* DATA BELOW *

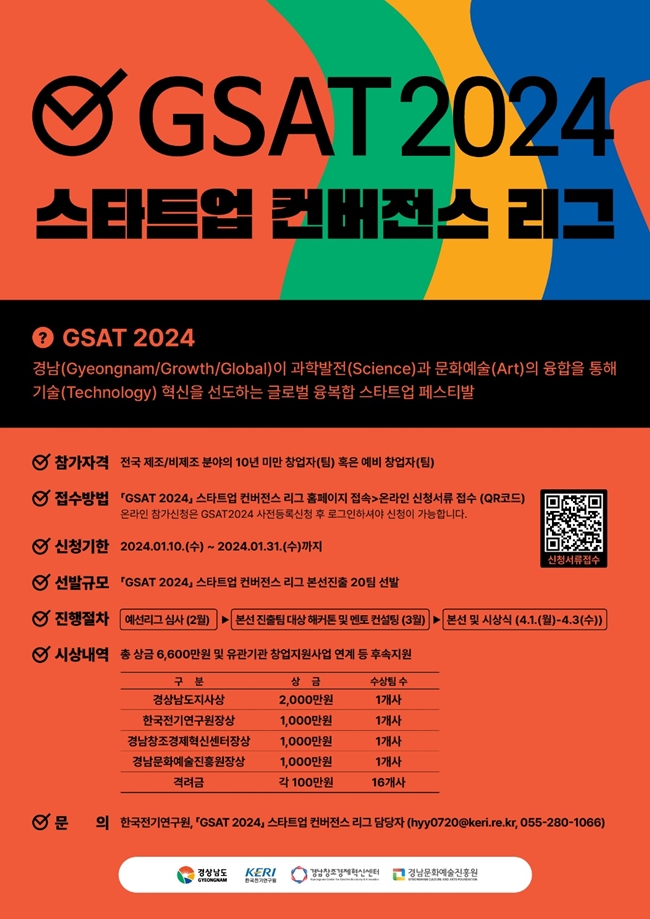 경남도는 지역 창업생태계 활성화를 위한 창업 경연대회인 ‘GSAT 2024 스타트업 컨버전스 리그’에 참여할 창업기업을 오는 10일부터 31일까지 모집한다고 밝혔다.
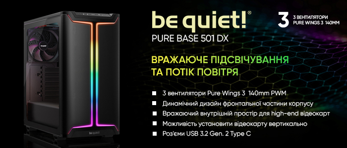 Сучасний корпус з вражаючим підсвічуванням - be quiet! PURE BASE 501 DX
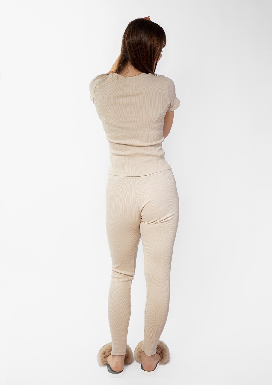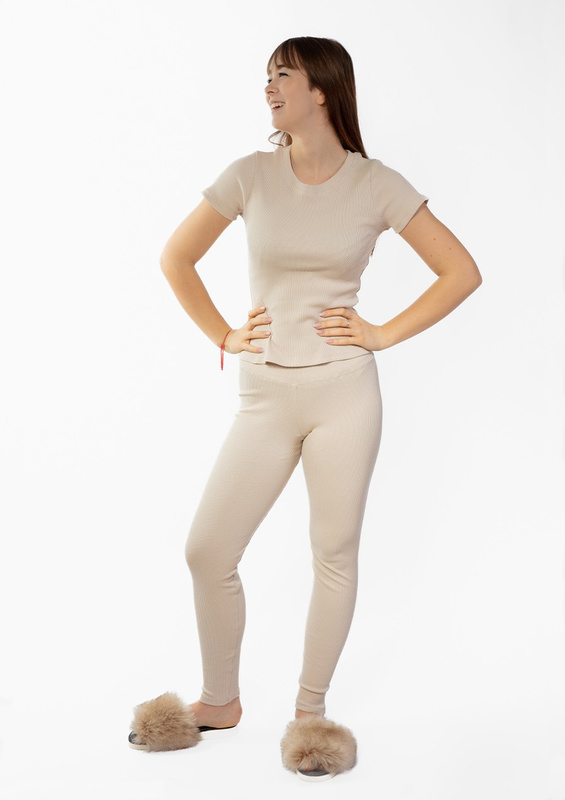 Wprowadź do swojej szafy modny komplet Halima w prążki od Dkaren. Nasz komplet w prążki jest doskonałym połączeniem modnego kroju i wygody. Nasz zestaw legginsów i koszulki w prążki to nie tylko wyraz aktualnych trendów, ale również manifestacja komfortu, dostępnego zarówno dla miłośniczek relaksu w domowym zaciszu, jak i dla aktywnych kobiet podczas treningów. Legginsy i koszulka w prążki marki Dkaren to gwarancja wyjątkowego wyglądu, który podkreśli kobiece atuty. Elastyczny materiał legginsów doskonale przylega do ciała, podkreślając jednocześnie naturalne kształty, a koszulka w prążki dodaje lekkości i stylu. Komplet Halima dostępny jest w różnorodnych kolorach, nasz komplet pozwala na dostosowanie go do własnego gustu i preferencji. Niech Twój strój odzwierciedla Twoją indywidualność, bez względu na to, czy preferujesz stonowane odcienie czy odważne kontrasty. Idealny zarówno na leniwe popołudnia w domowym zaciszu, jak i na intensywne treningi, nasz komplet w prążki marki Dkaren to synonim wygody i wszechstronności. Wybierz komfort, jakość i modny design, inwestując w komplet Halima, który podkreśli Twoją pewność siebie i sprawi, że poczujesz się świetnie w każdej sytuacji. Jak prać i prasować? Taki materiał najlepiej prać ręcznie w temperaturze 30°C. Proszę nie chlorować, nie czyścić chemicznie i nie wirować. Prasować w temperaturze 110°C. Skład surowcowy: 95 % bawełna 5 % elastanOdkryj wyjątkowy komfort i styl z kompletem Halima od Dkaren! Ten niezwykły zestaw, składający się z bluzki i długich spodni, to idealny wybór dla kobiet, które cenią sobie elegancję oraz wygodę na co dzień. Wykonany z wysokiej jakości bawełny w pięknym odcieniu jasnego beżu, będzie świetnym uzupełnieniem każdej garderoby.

* TASK *
Leave out the pictures, then return every line of the data exactly.

* ANSWER BOX *
 경남도는 지역 창업생태계 활성화를 위한 창업 경연대회인 ‘GSAT 2024 스타트업 컨버전스 리그’에 참여할 창업기업을 오는 10일부터 31일까지 모집한다고 밝혔다.
 Сучасний корпус з вражаючим підсвічуванням - be quiet! PURE BASE 501 DX
 Wprowadź do swojej szafy modny komplet Halima w prążki od Dkaren. Nasz komplet w prążki jest doskonałym połączeniem modnego kroju i wygody. Nasz zestaw legginsów i koszulki w prążki to nie tylko wyraz aktualnych trendów, ale również manifestacja komfortu, dostępnego zarówno dla miłośniczek relaksu w domowym zaciszu, jak i dla aktywnych kobiet podczas treningów. Legginsy i koszulka w prążki marki Dkaren to gwarancja wyjątkowego wyglądu, który podkreśli kobiece atuty. Elastyczny materiał legginsów doskonale przylega do ciała, podkreślając jednocześnie naturalne kształty, a koszulka w prążki dodaje lekkości i stylu. Komplet Halima dostępny jest w różnorodnych kolorach, nasz komplet pozwala na dostosowanie go do własnego gustu i preferencji. Niech Twój strój odzwierciedla Twoją indywidualność, bez względu na to, czy preferujesz stonowane odcienie czy odważne kontrasty. Idealny zarówno na leniwe popołudnia w domowym zaciszu, jak i na intensywne treningi, nasz komplet w prążki marki Dkaren to synonim wygody i wszechstronności. Wybierz komfort, jakość i modny design, inwestując w komplet Halima, który podkreśli Twoją pewność siebie i sprawi, że poczujesz się świetnie w każdej sytuacji. Jak prać i prasować? Taki materiał najlepiej prać ręcznie w temperaturze 30°C. Proszę nie chlorować, nie czyścić chemicznie i nie wirować. Prasować w temperaturze 110°C. Skład surowcowy: 95 % bawełna 5 % elastanOdkryj wyjątkowy komfort i styl z kompletem Halima od Dkaren! Ten niezwykły zestaw, składający się z bluzki i długich spodni, to idealny wybór dla kobiet, które cenią sobie elegancję oraz wygodę na co dzień. Wykonany z wysokiej jakości bawełny w pięknym odcieniu jasnego beżu, będzie świetnym uzupełnieniem każdej garderoby.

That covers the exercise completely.